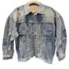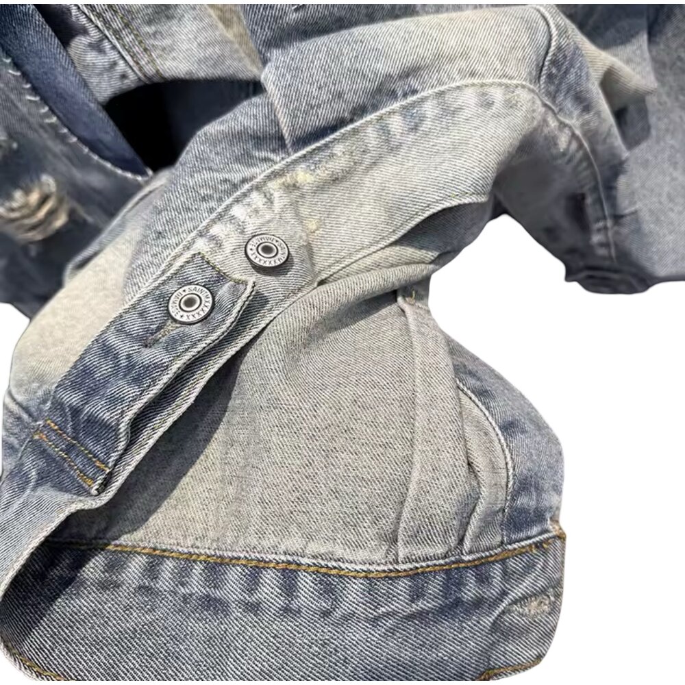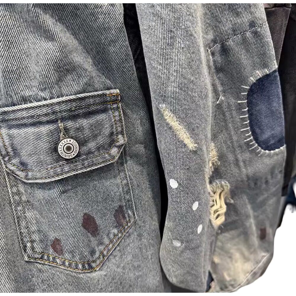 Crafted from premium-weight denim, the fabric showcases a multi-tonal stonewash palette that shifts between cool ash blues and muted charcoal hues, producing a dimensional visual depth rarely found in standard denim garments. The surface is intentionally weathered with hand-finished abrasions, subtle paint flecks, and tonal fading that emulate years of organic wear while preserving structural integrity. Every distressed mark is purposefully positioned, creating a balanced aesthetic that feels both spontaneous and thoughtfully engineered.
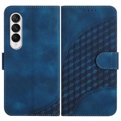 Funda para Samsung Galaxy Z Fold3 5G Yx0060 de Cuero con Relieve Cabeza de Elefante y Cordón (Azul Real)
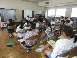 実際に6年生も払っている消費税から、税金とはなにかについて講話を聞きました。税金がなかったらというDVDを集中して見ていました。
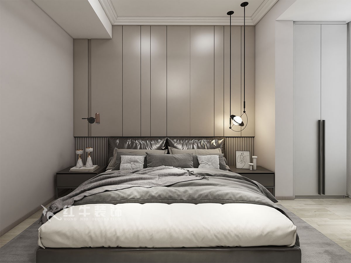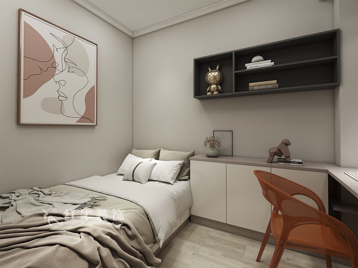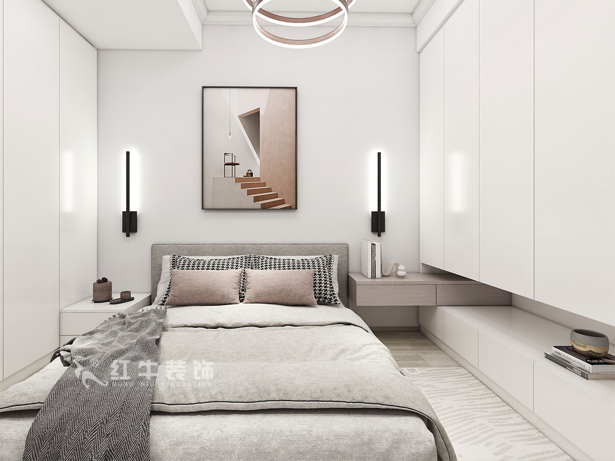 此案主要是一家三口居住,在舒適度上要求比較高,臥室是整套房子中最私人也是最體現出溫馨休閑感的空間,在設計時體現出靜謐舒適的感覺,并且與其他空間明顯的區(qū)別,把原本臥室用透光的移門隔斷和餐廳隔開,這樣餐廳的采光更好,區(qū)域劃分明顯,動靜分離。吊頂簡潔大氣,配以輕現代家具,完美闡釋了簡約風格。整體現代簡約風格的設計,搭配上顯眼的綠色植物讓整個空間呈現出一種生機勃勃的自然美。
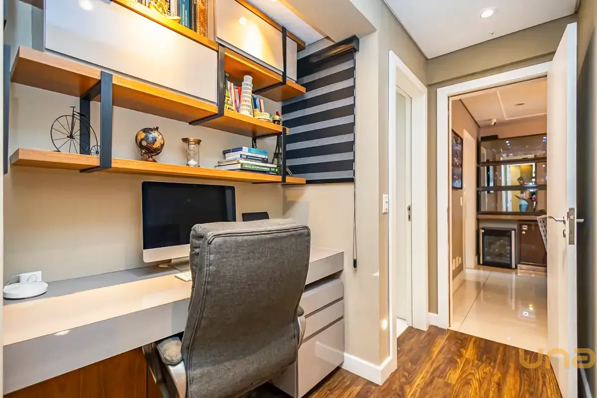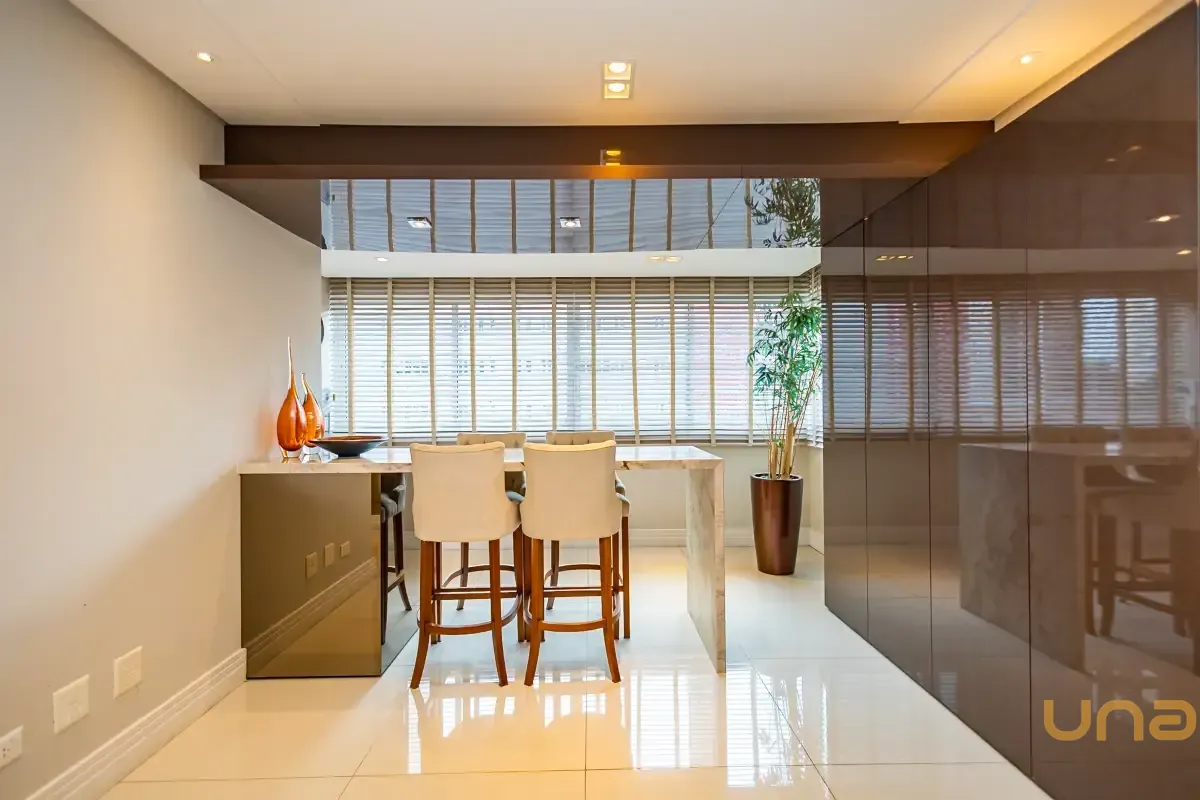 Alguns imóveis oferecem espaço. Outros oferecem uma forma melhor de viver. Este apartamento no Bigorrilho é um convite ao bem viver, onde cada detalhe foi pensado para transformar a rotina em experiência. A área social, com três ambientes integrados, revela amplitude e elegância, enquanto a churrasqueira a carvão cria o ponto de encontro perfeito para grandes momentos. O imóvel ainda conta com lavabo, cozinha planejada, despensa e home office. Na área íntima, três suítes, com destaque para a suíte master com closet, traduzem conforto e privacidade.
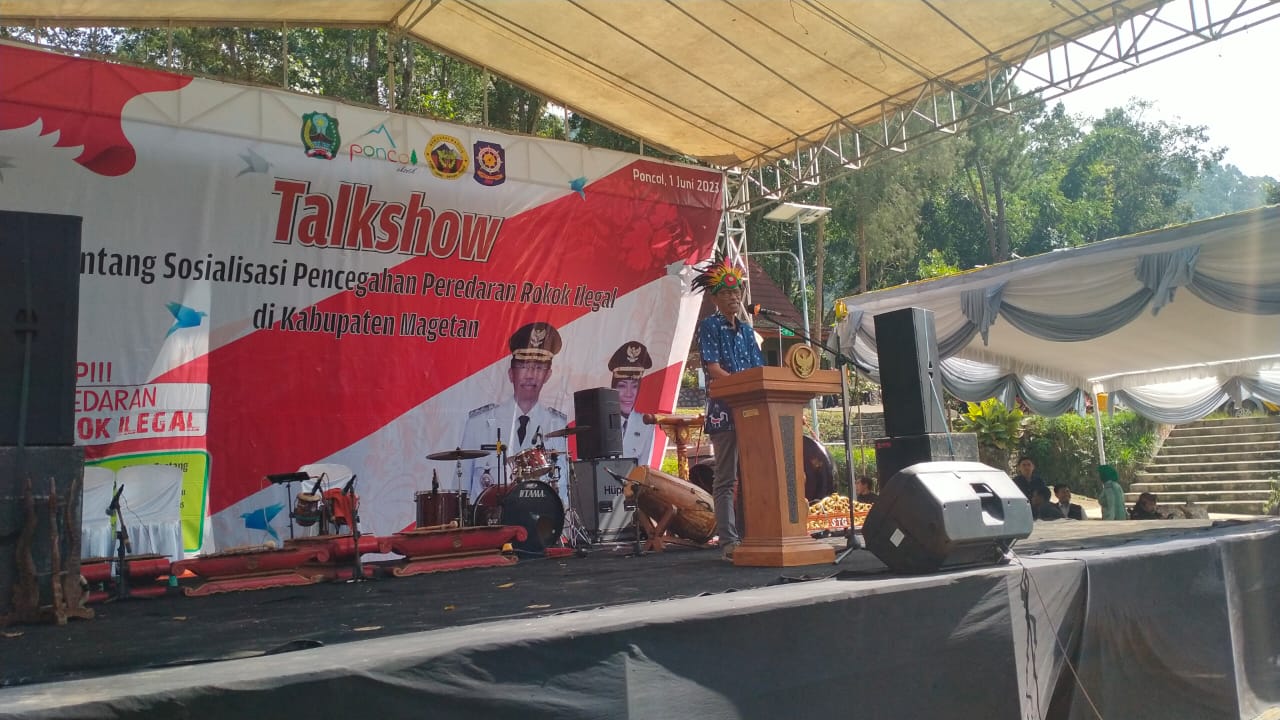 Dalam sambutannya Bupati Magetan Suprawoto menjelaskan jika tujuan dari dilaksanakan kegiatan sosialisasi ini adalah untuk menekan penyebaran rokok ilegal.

Exercise directions
Output the listing word for word. Drop the pictures.

The answer
 Crafted from premium-weight denim, the fabric showcases a multi-tonal stonewash palette that shifts between cool ash blues and muted charcoal hues, producing a dimensional visual depth rarely found in standard denim garments. The surface is intentionally weathered with hand-finished abrasions, subtle paint flecks, and tonal fading that emulate years of organic wear while preserving structural integrity. Every distressed mark is purposefully positioned, creating a balanced aesthetic that feels both spontaneous and thoughtfully engineered.
 Funda para Samsung Galaxy Z Fold3 5G Yx0060 de Cuero con Relieve Cabeza de Elefante y Cordón (Azul Real)
 実際に6年生も払っている消費税から、税金とはなにかについて講話を聞きました。税金がなかったらというDVDを集中して見ていました。
 此案主要是一家三口居住,在舒適度上要求比較高,臥室是整套房子中最私人也是最體現出溫馨休閑感的空間,在設計時體現出靜謐舒適的感覺,并且與其他空間明顯的區(qū)別,把原本臥室用透光的移門隔斷和餐廳隔開,這樣餐廳的采光更好,區(qū)域劃分明顯,動靜分離。吊頂簡潔大氣,配以輕現代家具,完美闡釋了簡約風格。整體現代簡約風格的設計,搭配上顯眼的綠色植物讓整個空間呈現出一種生機勃勃的自然美。
 Alguns imóveis oferecem espaço. Outros oferecem uma forma melhor de viver. Este apartamento no Bigorrilho é um convite ao bem viver, onde cada detalhe foi pensado para transformar a rotina em experiência. A área social, com três ambientes integrados, revela amplitude e elegância, enquanto a churrasqueira a carvão cria o ponto de encontro perfeito para grandes momentos. O imóvel ainda conta com lavabo, cozinha planejada, despensa e home office. Na área íntima, três suítes, com destaque para a suíte master com closet, traduzem conforto e privacidade.
 Dalam sambutannya Bupati Magetan Suprawoto menjelaskan jika tujuan dari dilaksanakan kegiatan sosialisasi ini adalah untuk menekan penyebaran rokok ilegal.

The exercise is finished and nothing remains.